Tarka converts Prometheus/Alertmanager alerts into structured triage reports — evidence, confidence-ranked hypotheses, and copy-paste-ready commands. No guessing. Just signal.
Every on-call rotation has a few people who carry the tribal knowledge. They know which PromQL to run, which namespace to check, and which logs actually matter. Everyone else waits.
The result: slow MTTA, senior burnout, and incidents that drag on because the first responder isn't sure what "normal" looks like.
Tarka encodes the first 60 seconds of every investigation so every engineer on your team can respond with confidence — not just the one who's been there since day one.
The same 11-stage pipeline runs whether you invoke Tarka from CLI, a webhook, or the web UI.
Prometheus/Alertmanager alert arrives via CLI, webhook POST, or web UI. Labels extracted, target inferred automatically.
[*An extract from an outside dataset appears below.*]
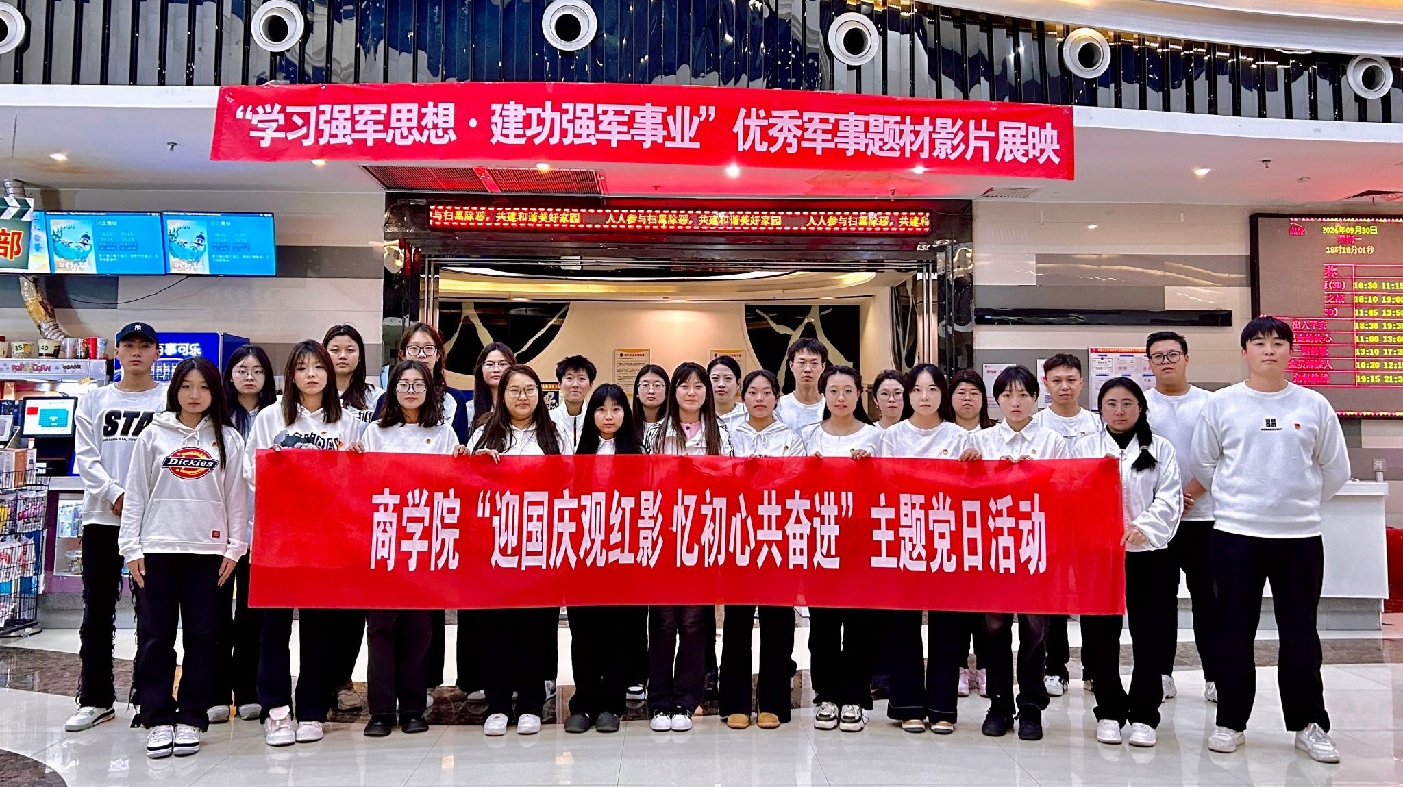 在中华人民共和国成立75周年来临之际,为深入学习贯彻党的二十届三中全会精神,不断提高基层党组织的战斗力和凝聚力,引导全体学生党员切实增强宗旨意识和政治情怀,9月30日,商学院学生党支部开展“迎国庆观红影 忆初心共奋进”主题党日活动。30余名学生党员共同观看爱国主义影片《志愿军2》。
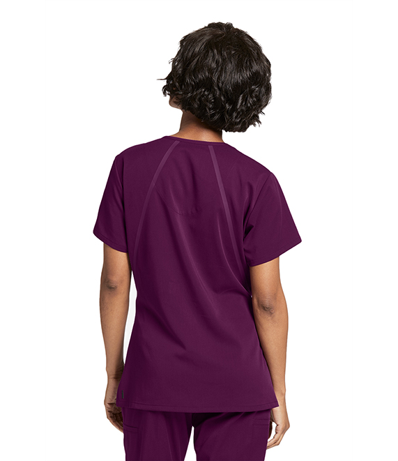 Women's blouse, 3-pocket, diamond V-neck with pen slots and high-low notched hem with orange accent trim detail. Modern Fit.

Best-effort reads from Prometheus, Kubernetes API, and logs. Missing sources noted explicitly, never faked.
Crash loops, OOM kills, image pull failures, CPU saturation, change correlation. Each produces confidence-scored hypotheses.
One-line verdict: label + why + next. Evidence-backed bullets, ranked hypotheses, 3–7 copy-paste commands.
Never mutates cluster state. Every operation is a read — Prometheus queries, kubectl get, log fetches. Safe to run during a live incident.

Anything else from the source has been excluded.